Below are records with pictures. Reproduce exactly the lines from the line with "elements fire. water" to the line with "RELAY UNIVERSAL 12V", inclusive, and leave each picture out.

## SOURCE MATERIAL:
•••
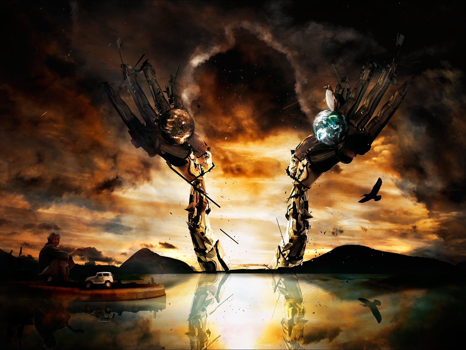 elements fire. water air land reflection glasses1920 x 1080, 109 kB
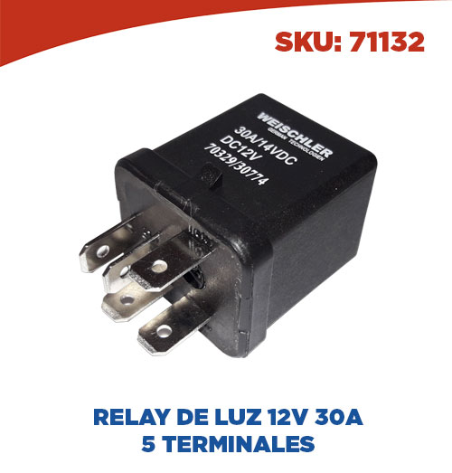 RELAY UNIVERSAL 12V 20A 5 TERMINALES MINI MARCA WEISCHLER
•••
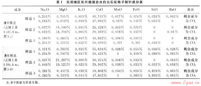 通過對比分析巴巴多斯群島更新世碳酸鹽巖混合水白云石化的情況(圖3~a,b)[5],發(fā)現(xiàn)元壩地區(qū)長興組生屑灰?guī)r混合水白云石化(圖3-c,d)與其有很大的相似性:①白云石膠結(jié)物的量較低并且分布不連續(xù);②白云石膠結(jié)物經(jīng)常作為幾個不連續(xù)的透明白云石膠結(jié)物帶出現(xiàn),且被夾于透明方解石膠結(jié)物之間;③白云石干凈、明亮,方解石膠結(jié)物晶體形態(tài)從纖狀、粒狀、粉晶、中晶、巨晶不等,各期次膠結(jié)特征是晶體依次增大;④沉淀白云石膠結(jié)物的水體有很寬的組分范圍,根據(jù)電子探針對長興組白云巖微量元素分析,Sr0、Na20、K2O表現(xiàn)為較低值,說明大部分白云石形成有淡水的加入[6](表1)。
•••
## COMPLETED EXERCISE:
 elements fire. water air land reflection glasses1920 x 1080, 109 kB
 RELAY UNIVERSAL 12V 20A 5 TERMINALES MINI MARCA WEISCHLER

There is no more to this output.